● THE PROBLEM:
I need every line from the start of the material below up to and including the line containing "Go to Teams", restated exactly, with the pictures omitted.

● AVAILABLE DATA:

"""

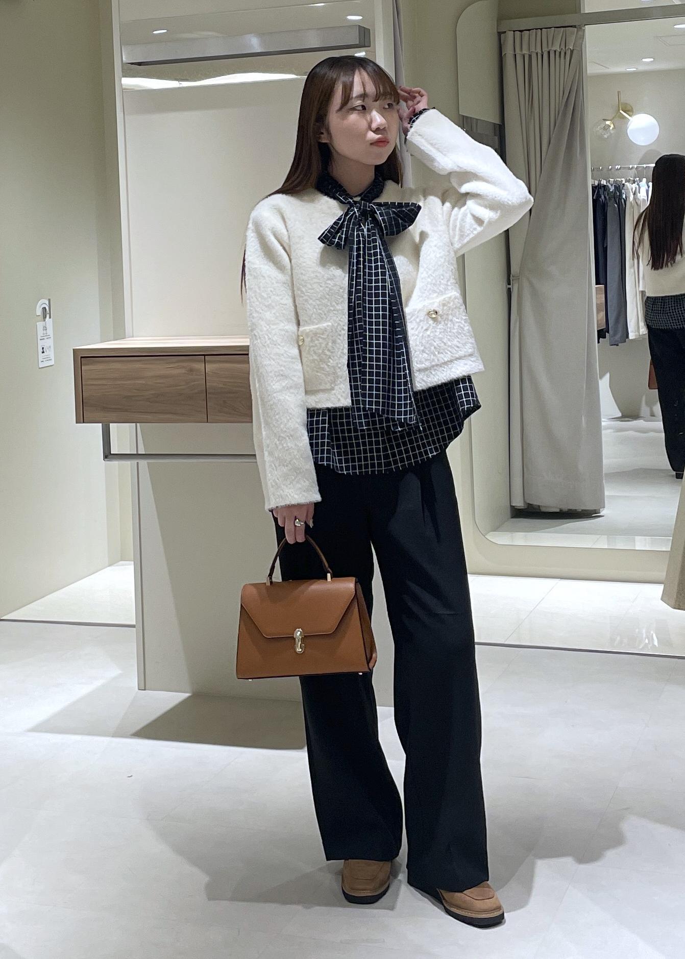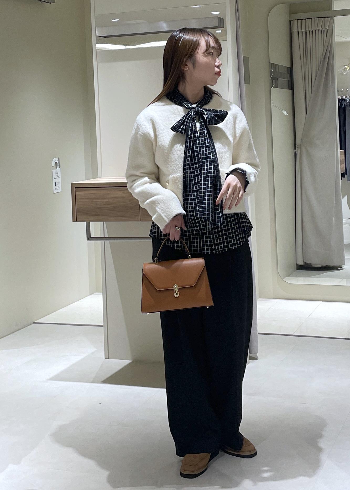 ボウタイ付きブラウスにフェザーカーディガンを合わせたキレイめコーデです。無地ではなく柄物のシャツを合わせることでワンポイントになります。小物をブラウンで合わせて柔らかい雰囲気にしたのもポイントです。
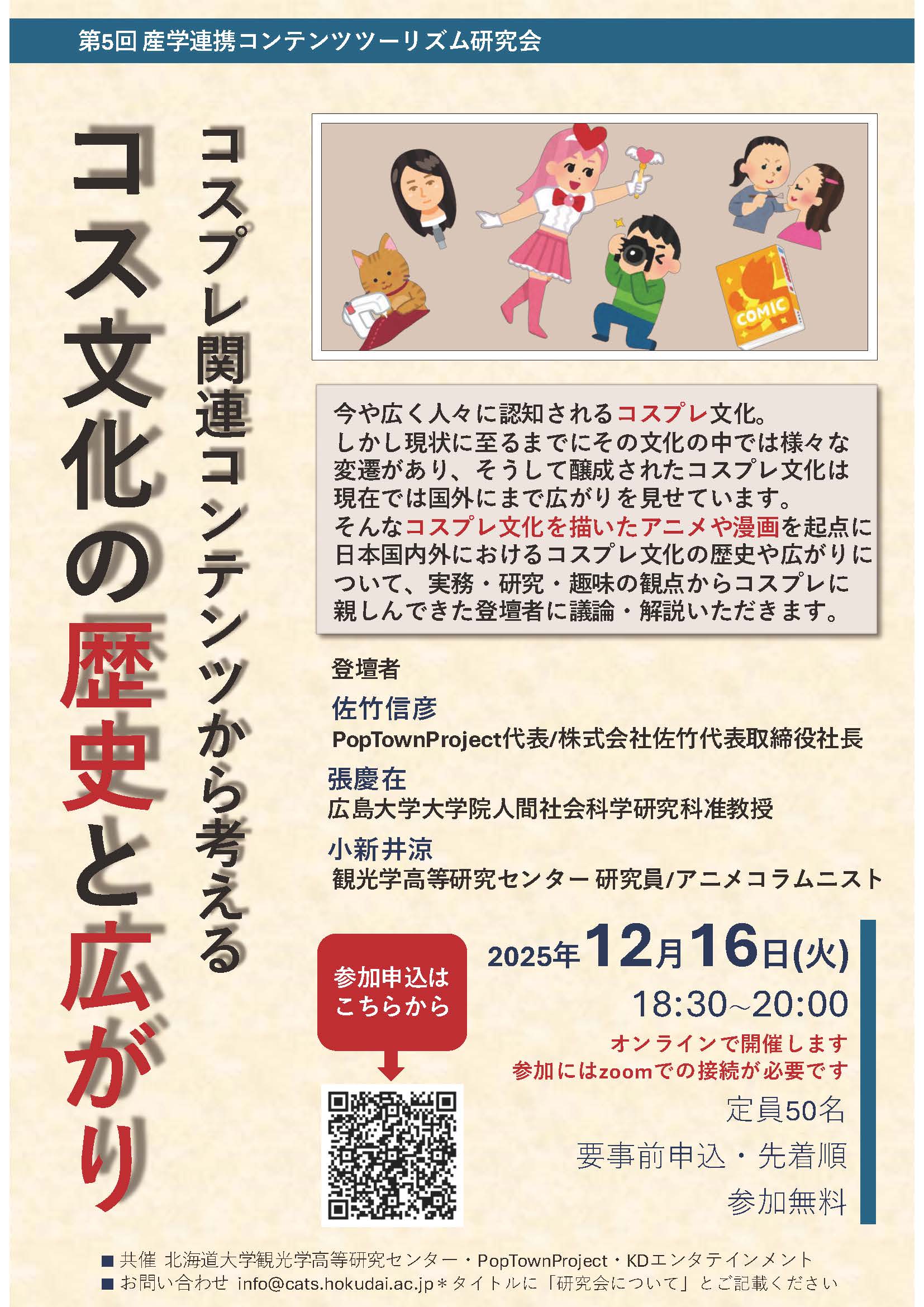 ※2025年度観光学高等研究センター産学連携オンラインフォーラム第五弾 - 日 時: 2025年12月16日(火)18:30~20:00
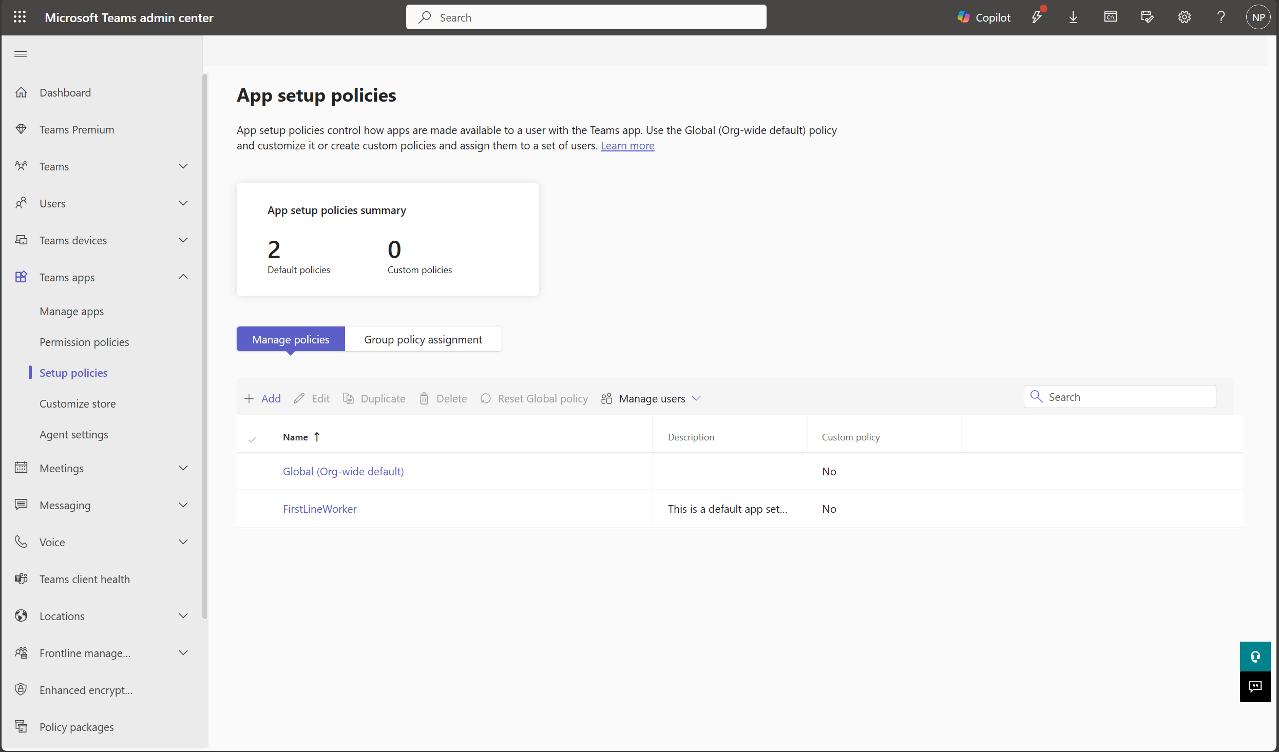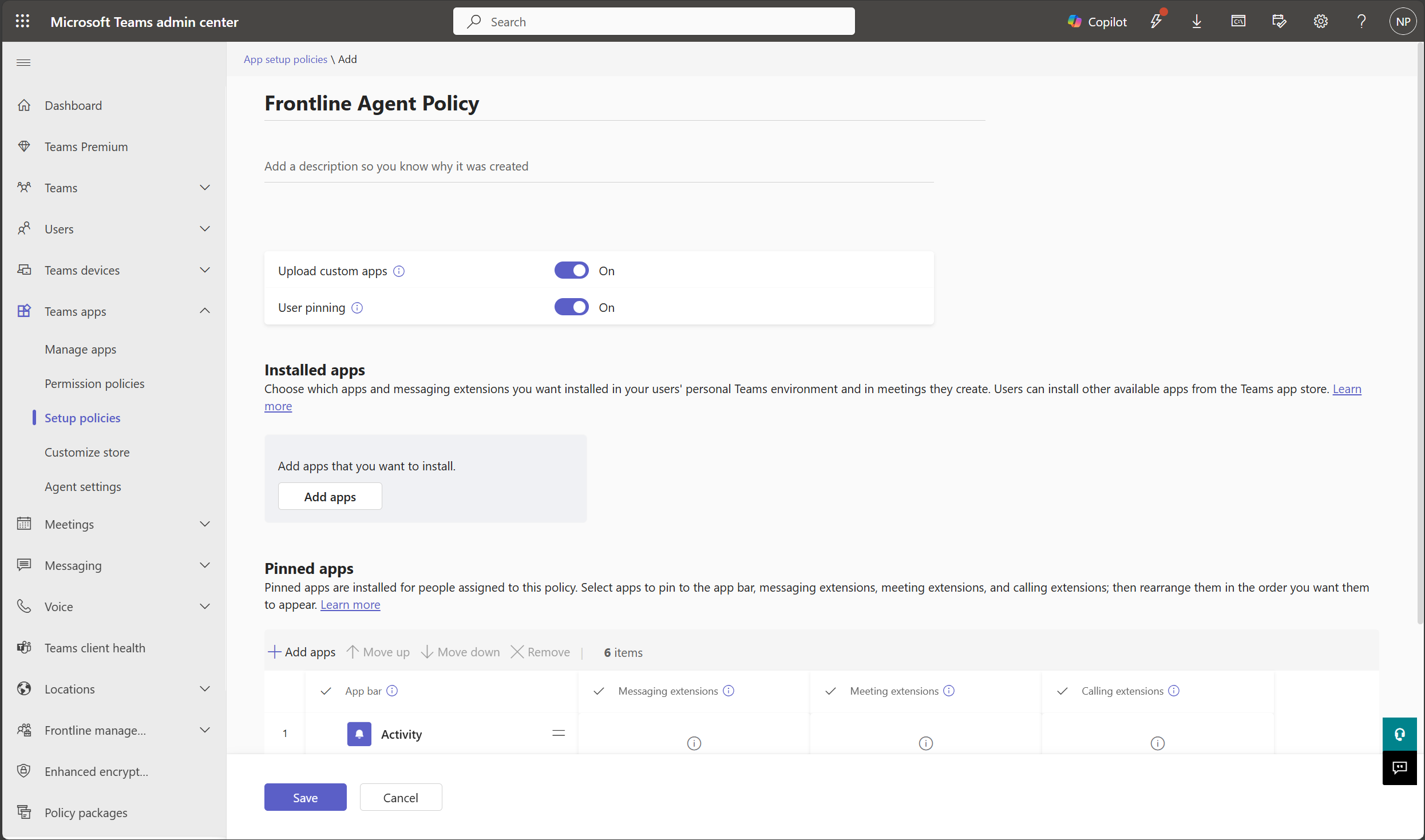 Go to Teams apps > Setup policies and click Add.
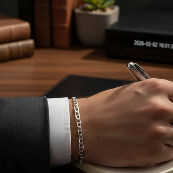Descrição: A união perfeita entre delicadeza e resistência. Com elos de 8 mm de comprimento e uma espessura precisa de 3 mm, esta pulseira em Prata 925 oferece um visual sofisticado e discreto. Seus 20 cm de comprimento proporcionam o caimento ideal para quem prefere joias que acompanham o movimento do pulso com elegância. Uma peça indispensável para o homem de negócios ou para ocasiões que pedem um toque de classe sutil.

"""

● SOLUTION:
 ボウタイ付きブラウスにフェザーカーディガンを合わせたキレイめコーデです。無地ではなく柄物のシャツを合わせることでワンポイントになります。小物をブラウンで合わせて柔らかい雰囲気にしたのもポイントです。
 ※2025年度観光学高等研究センター産学連携オンラインフォーラム第五弾 - 日 時: 2025年12月16日(火)18:30~20:00
 Go to Teams apps > Setup policies and click Add.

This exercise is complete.